1405-1432 Zheng He started a great pioneering move in the history of mankind with a guide meter.
1488-1521 Columbus, Gamma, and Magellan used compasses to conduct world-renowned navigational discoveries.
1600 Englishman William Gibber published his monograph on magnetism. He developed the ancient Greeks Thales, Aristotle and other predecessors of the world on magnetism and experiments.
1785 French physicist C. Coulomb established the "Coulomb's law" describing the interaction between charge and magnetic poles.
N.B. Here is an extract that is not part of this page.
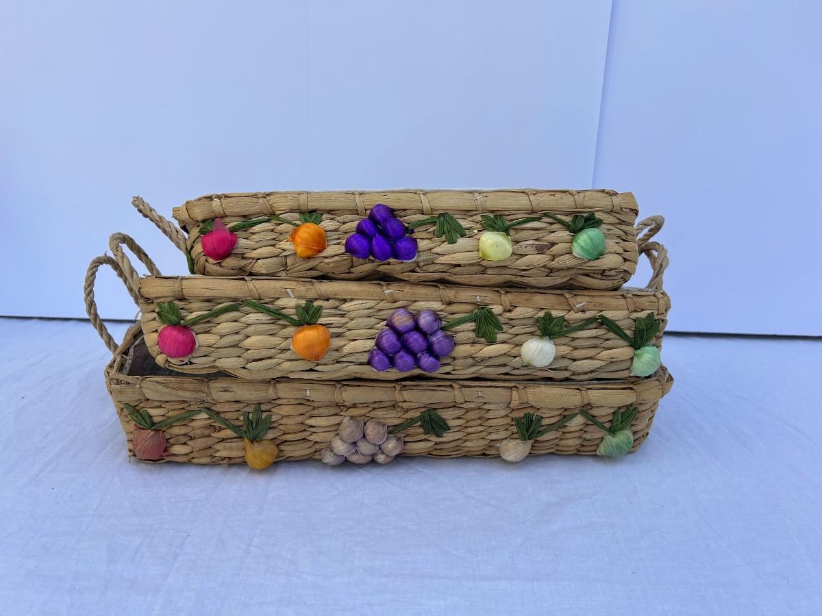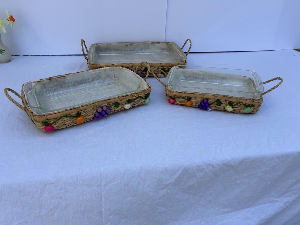 Three hand woven baskets to carry your Pyrex baking dishes.

1820 Danish physicist H.C. Oster discovered current-induced magnetic force.
1831 British physicist M. Faraday discovers electromagnetic induction.
1873 British physicist J.C. Maxwell completed a unified electromagnetic theory in his monograph "On Electricity and Magnetism."
1898-1899 French physicist P. Curie discovered that the ferromagnetic material became paramagnetism at a specific temperature (Curie temperature).
1905 French physicist P.I. Lang Zhiwan explains the paramagnetic variation with temperature based on statistical mechanics theory.
1907 French physicist P.E. Weiss proposed molecular field theory and extended Lang Zhiwan's theory.
1921 The Austrian physicist W. Pauli proposed that the Bohr magnetite be the basic unit of the atomic magnetic moment. American physicist A. Compton proposed that electrons also have a corresponding magnetic moment of spin.
1928 British physicist P.A.M. Dirac perfectly explained the intrinsic spin and magnetic moments of electrons using relativistic quantum mechanics. And with the German physicist W. Heisenberg to prove the existence of the exchange of electrostatic origin, laid the foundation for the modern magnetics.
In 1936, the Soviet physicist Lang Da completed a masterpiece “A Course in Theoretical Physics,” which contained a comprehensive and beautiful chapter on modern electromagnetism and ferromagnetics.
1936-1948 French physicist L. Nell proposed the concepts and theories of antiferromagnetism and ferrimagnetism, and deepened his understanding of material magnetism in subsequent years of research.
1967 Austrian physicist K.J. Snyder discovers a magnet with high magnetic energy under the guidance of quantum magnetism
The rare earth magnet (SmCo5) opened a new chapter in the development of permanent magnetic materials.
In 1967, Strnat et al. of the University of Dayton, USA, developed a samarium-cobalt magnet, marking the arrival of the era of rare earth magnets.
The second generation of rare earth permanent magnet-Sm2Co17 was introduced in 1974.
1982 Japan's Sumitomo Specialty Metal's Masato Sagawa invented the NdFeB magnet, and the third-generation rare earth permanent magnet-Nd2Fe14B was introduced.
The 1990 atomic-gap magnet-Sm-Fe-N came out.
1991 German physicist E.F. Knelle proposed the theoretical basis for the exchange of two-phase composite magnets, and pointed out the prospects for the development of nanocrystalline magnets.
With the development of society, the application of magnets has become more and more widespread. From high-tech products to the simplest packaging magnets,
At present, the most widely used is neodymium iron boron magnet and ferrite magnet.
From the development history of magnets, in the late 19th century and early 20th century, people mainly used carbon steel, tungsten steel, chromium steel, and cobalt steel as permanent magnetic materials.
In the late 1930s, the successful development of aluminum-nickel-cobalt magnets made possible the large-scale application of magnets.
In the fifties, the appearance of barium ferrite magnets not only reduced the cost of permanent magnets, but also broadened the application of permanent magnetic materials to high-frequency fields.
In the 1960s, the emergence of Samarium Cobalt permanent magnets opened up a new era for the application of magnets. To date, rare earth permanent magnets have undergone the first generation of SmCo5, the second generation of precipitation hardening Sm2Co17, and the development of third generation Nd-Fe-B permanent magnet materials. At present, ferrite magnets are still the most used permanent magnet materials, but the output value of neodymium-iron-boron magnets has greatly exceeded the ferrite permanent magnet materials. The production of neodymium-iron-boron magnets has developed into a large industry.